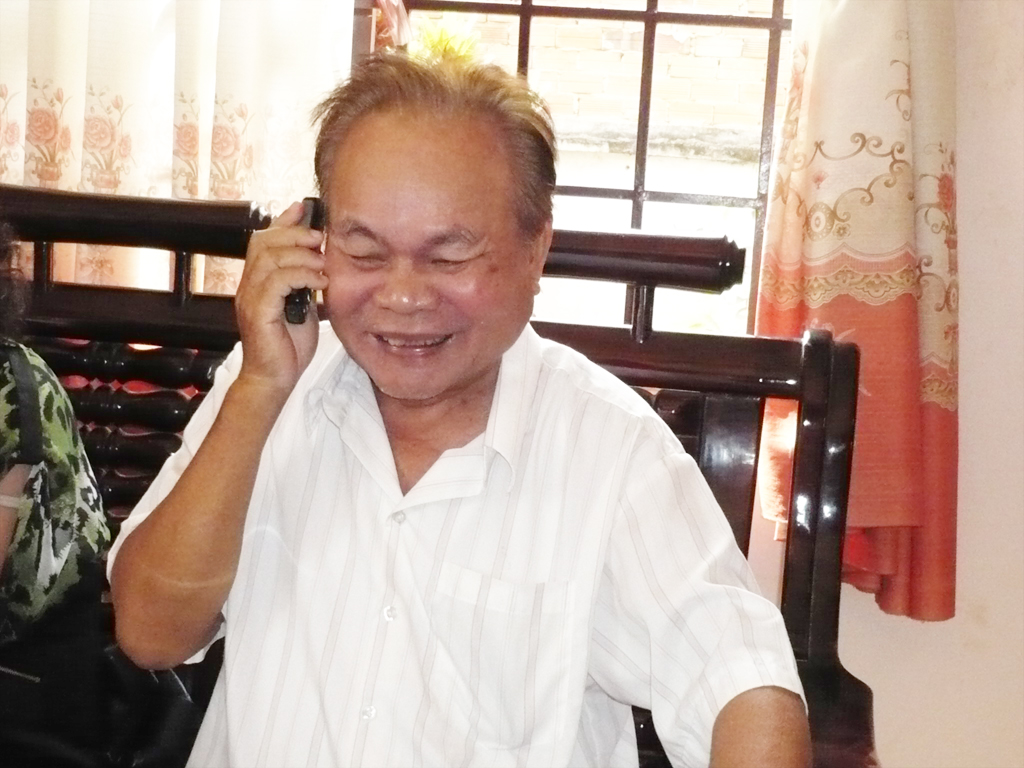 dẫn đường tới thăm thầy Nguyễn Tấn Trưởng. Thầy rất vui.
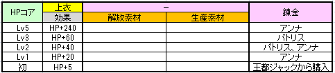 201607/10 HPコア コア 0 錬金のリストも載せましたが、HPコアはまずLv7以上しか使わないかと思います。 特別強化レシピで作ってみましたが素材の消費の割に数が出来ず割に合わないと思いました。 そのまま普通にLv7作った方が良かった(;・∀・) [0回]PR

★ ★ ★ ★ ★

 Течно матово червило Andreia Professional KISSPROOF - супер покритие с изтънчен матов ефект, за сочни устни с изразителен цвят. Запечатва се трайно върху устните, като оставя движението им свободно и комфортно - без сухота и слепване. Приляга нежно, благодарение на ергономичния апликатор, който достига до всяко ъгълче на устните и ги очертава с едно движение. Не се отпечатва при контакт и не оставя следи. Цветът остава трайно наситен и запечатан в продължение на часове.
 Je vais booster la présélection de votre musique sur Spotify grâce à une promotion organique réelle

★ ★ ★ ★ ★

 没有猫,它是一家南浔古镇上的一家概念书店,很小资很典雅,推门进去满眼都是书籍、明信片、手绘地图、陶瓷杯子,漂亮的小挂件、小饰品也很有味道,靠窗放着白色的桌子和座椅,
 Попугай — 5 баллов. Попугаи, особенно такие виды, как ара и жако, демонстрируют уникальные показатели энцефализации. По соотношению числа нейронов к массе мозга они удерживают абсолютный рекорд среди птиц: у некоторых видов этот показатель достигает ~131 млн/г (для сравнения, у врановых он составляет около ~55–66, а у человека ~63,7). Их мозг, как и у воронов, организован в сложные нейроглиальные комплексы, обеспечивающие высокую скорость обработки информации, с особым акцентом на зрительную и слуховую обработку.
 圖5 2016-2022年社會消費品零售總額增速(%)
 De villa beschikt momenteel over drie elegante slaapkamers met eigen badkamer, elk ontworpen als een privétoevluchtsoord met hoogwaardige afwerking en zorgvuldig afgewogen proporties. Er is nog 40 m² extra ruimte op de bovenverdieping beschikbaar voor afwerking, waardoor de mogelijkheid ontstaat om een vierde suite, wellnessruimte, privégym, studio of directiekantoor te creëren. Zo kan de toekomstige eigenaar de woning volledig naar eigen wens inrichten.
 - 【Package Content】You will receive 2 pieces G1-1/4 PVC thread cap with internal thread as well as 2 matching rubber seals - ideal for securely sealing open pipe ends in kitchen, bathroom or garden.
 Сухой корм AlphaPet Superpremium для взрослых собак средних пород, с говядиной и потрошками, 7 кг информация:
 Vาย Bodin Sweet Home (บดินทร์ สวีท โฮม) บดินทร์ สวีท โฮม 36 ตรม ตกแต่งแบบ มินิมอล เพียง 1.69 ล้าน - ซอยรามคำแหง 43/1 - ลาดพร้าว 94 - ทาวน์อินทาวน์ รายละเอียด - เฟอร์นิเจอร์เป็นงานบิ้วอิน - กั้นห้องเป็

★ ★ ★ ★ ★

## PROBLEM TO WORK ON
In the data above, find the line containing "dẫn đường tới" and the line containing "201607/10 HPコア コア". Repeat those two lines and everything between them exactly, minus the pictures.

## RESPONSE TO THE EXERCISE
 dẫn đường tới thăm thầy Nguyễn Tấn Trưởng. Thầy rất vui.
 201607/10 HPコア コア 0 錬金のリストも載せましたが、HPコアはまずLv7以上しか使わないかと思います。 特別強化レシピで作ってみましたが素材の消費の割に数が出来ず割に合わないと思いました。 そのまま普通にLv7作った方が良かった(;・∀・) [0回]PR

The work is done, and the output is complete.